> **Required action**: Keep the pictures out of the copy and repeat the records exactly.

> **Provided information**:
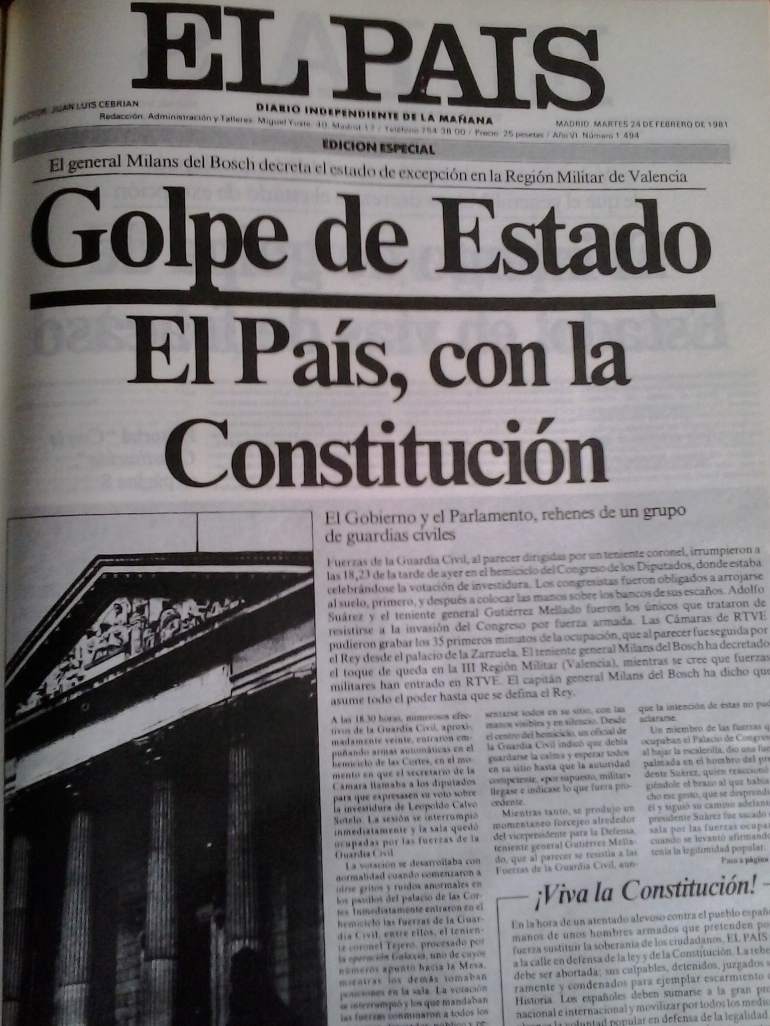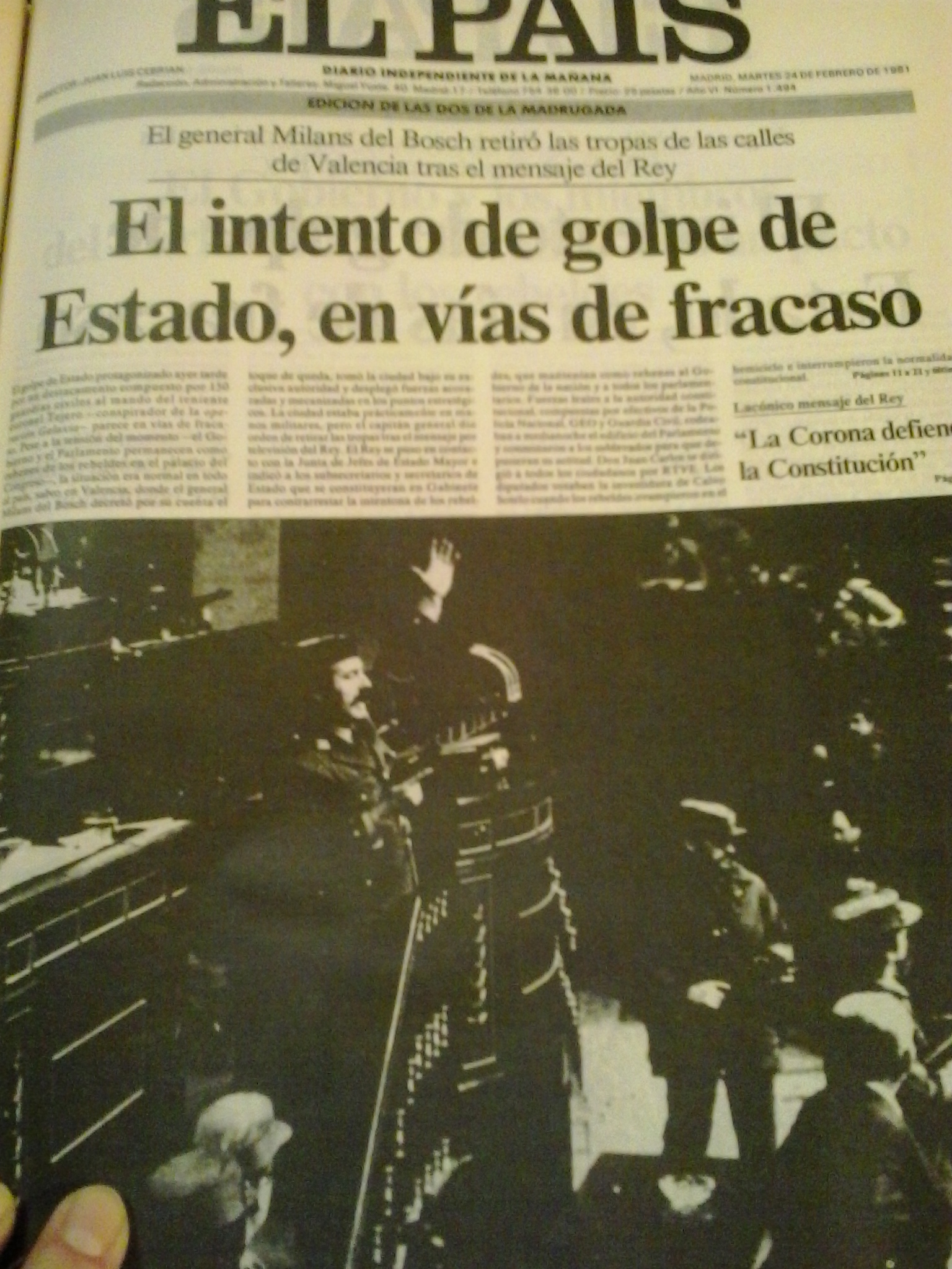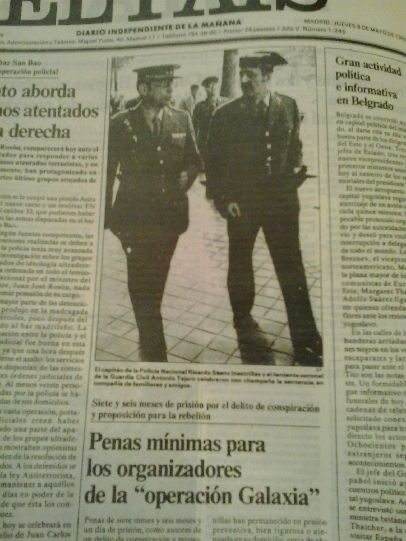 Evidentemente el día del golpe, con mis diez añitos, no tenía ni idea de quién era ese señor del mostacho que se dirigía al Congreso pistola en mano con los famosos «¡Quieto todo el mundo!» y «¡se sienten, coño!», pero resulta que el 8 de mayo de 1980, así como el 5 de julio del mismo año, es decir, apenas siete meses antes del golpe, el mismo teniente coronel de la Guardia Civil Antonio Tejero había sido portada del periódico (junto al capitán de Infantería Ricardo Sáenz de Inestrillas) por la condena tras su implicación en la «Operación Galaxia», acusados de «conspiración y proposición para la rebelión«.
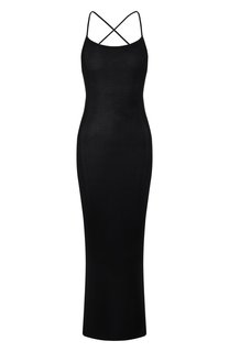 Черное макси-платье с открытой спиной и узкими перекрещивающимися бретелями плавно струится вдоль силуэта, создавая чувственный вечерний образ. Модель с глубоким V-образным вырезом сшита из шелковистого эластичного текстиля, полностью покрытого миниатюр...
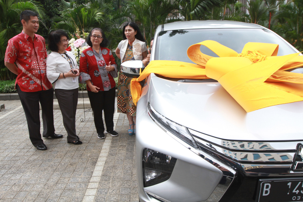 Direktur Community Financial Services Maybank Indonesia Jenny Wiriyanto (kedua kanan) didampingi Presiden Direktur Maybank Finance Alexander (kiri) foto bersama usai menyerahkan hadiah grand prize periode pertama program “Co-Branding Maybank Finance 2019” di Jakarta, Kamis (14/2). AKTUAL/STR-Eko S Hilman
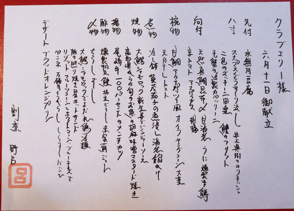 アップできていなかった6月11日(金)の記録、「割烹 野呂」。
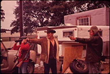 | Keywords: DEER HUNTERS AT THEIR PERMANENT CAMP AMUSE THEMSELVES BETWEEN REAL KILLS. THEY LEAVE GRAIN AT THE DEER'S FEEDING... - NARA - 546144.jpg Scope and content General notes 546144 Local identifier 412-DA-3657 Environmental Protection Agency 12/02/1970 - NARA-Author St Gil Marc 1924-1992 Photographer 8464473 <br /> Leakey Real Texas United States North and Central America inhabited place 3392043 29 717 -99 75 <br /> Still Picture Records Section Special Media Archives Services Division NWCS-S National Archives at College Park 8601 Adelphi Road College Park MD 20740-6001 11/1972 Record group Record Group 412 Records of the Environmental Protection Agency 1944 - 2006 Record group ARC 708 DOCUMERICA The Environmental Protection Agency's Program to Photographically Document Subjects of Environmental Concern compiled 1972 - 1977 Series ARC 542493 File unit File unit ARC Variant control numbers Agency-Assigned Identifier 061/57/003657<br /> NAIL Control Number NWDNS-412-DA-3657 Other versions <gallery> File DEER_HUNTERS_AT_THEIR_PERMANENT_CAMP_AMUSE_THEMSELVES_BETWEEN_REAL_KILLS _THEY_LEAVE_GRAIN_AT_THE_DEER'S_FEEDING _-_NARA_-_546144 tif tif File DEER_HUNTERS_AT_THEIR_PERMANENT_CAMP_AMUSE_THEMSELVES_BETWEEN_REAL_KILLS _THEY_LEAVE_GRAIN_AT_THE_DEER'S_FEEDING _-_NARA_-_546144 jpg jpg </gallery> NARA-cooperation PD-USGov Deer in Real County Texas Males with pistols 1972 in Texas Fashion in 1972 Hunters Pointing left DOCUMERICA |
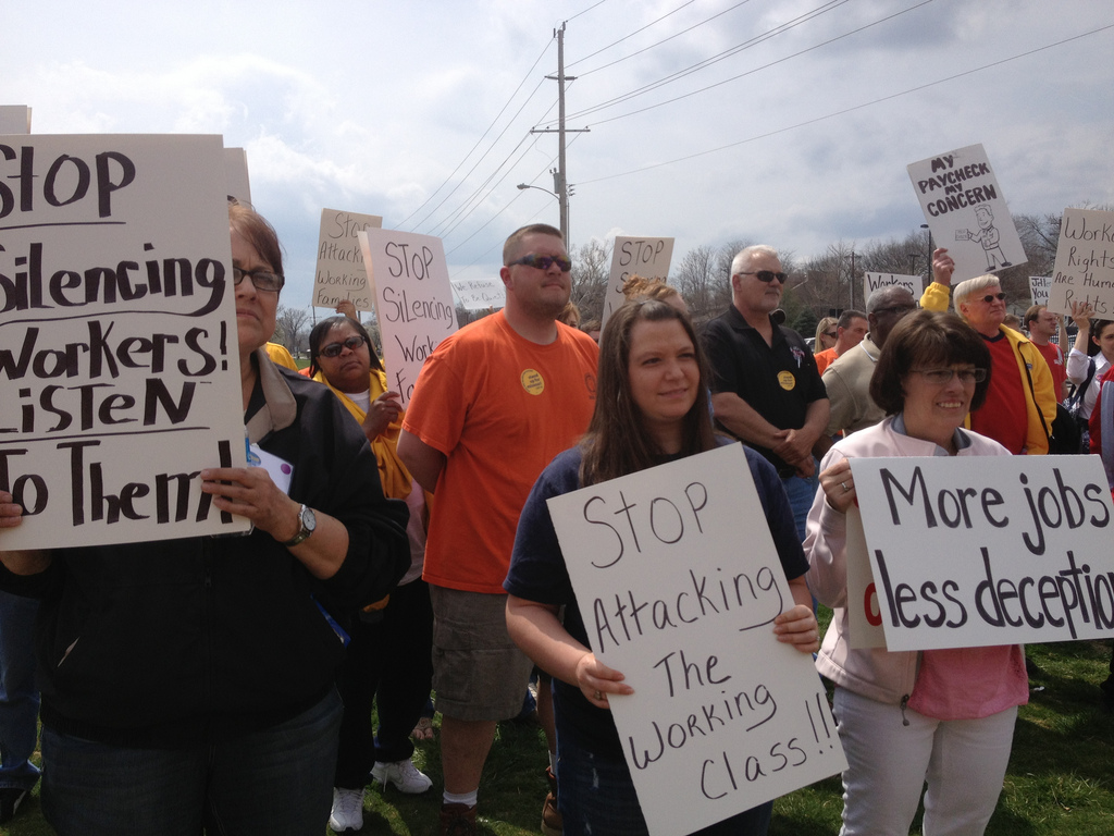 On Monday, about 200 union members – including CWA, UFCW and many more – rallied along Frontier Park in St. Charles to pressure the Republican-dominated state legislature to vote down paycheck deception, anti-prevailing wage and "right-to-work" for less bills. And over the weekend, workers went door-to-door to educate their friends, family and neighbors about the anti-worker legislation.

> **Written response**:
 Evidentemente el día del golpe, con mis diez añitos, no tenía ni idea de quién era ese señor del mostacho que se dirigía al Congreso pistola en mano con los famosos «¡Quieto todo el mundo!» y «¡se sienten, coño!», pero resulta que el 8 de mayo de 1980, así como el 5 de julio del mismo año, es decir, apenas siete meses antes del golpe, el mismo teniente coronel de la Guardia Civil Antonio Tejero había sido portada del periódico (junto al capitán de Infantería Ricardo Sáenz de Inestrillas) por la condena tras su implicación en la «Operación Galaxia», acusados de «conspiración y proposición para la rebelión«.
 Черное макси-платье с открытой спиной и узкими перекрещивающимися бретелями плавно струится вдоль силуэта, создавая чувственный вечерний образ. Модель с глубоким V-образным вырезом сшита из шелковистого эластичного текстиля, полностью покрытого миниатюр...
 Direktur Community Financial Services Maybank Indonesia Jenny Wiriyanto (kedua kanan) didampingi Presiden Direktur Maybank Finance Alexander (kiri) foto bersama usai menyerahkan hadiah grand prize periode pertama program “Co-Branding Maybank Finance 2019” di Jakarta, Kamis (14/2). AKTUAL/STR-Eko S Hilman
 アップできていなかった6月11日(金)の記録、「割烹 野呂」。
 | Keywords: DEER HUNTERS AT THEIR PERMANENT CAMP AMUSE THEMSELVES BETWEEN REAL KILLS. THEY LEAVE GRAIN AT THE DEER'S FEEDING... - NARA - 546144.jpg Scope and content General notes 546144 Local identifier 412-DA-3657 Environmental Protection Agency 12/02/1970 - NARA-Author St Gil Marc 1924-1992 Photographer 8464473 <br /> Leakey Real Texas United States North and Central America inhabited place 3392043 29 717 -99 75 <br /> Still Picture Records Section Special Media Archives Services Division NWCS-S National Archives at College Park 8601 Adelphi Road College Park MD 20740-6001 11/1972 Record group Record Group 412 Records of the Environmental Protection Agency 1944 - 2006 Record group ARC 708 DOCUMERICA The Environmental Protection Agency's Program to Photographically Document Subjects of Environmental Concern compiled 1972 - 1977 Series ARC 542493 File unit File unit ARC Variant control numbers Agency-Assigned Identifier 061/57/003657<br /> NAIL Control Number NWDNS-412-DA-3657 Other versions <gallery> File DEER_HUNTERS_AT_THEIR_PERMANENT_CAMP_AMUSE_THEMSELVES_BETWEEN_REAL_KILLS _THEY_LEAVE_GRAIN_AT_THE_DEER'S_FEEDING _-_NARA_-_546144 tif tif File DEER_HUNTERS_AT_THEIR_PERMANENT_CAMP_AMUSE_THEMSELVES_BETWEEN_REAL_KILLS _THEY_LEAVE_GRAIN_AT_THE_DEER'S_FEEDING _-_NARA_-_546144 jpg jpg </gallery> NARA-cooperation PD-USGov Deer in Real County Texas Males with pistols 1972 in Texas Fashion in 1972 Hunters Pointing left DOCUMERICA |
 On Monday, about 200 union members – including CWA, UFCW and many more – rallied along Frontier Park in St. Charles to pressure the Republican-dominated state legislature to vote down paycheck deception, anti-prevailing wage and "right-to-work" for less bills. And over the weekend, workers went door-to-door to educate their friends, family and neighbors about the anti-worker legislation.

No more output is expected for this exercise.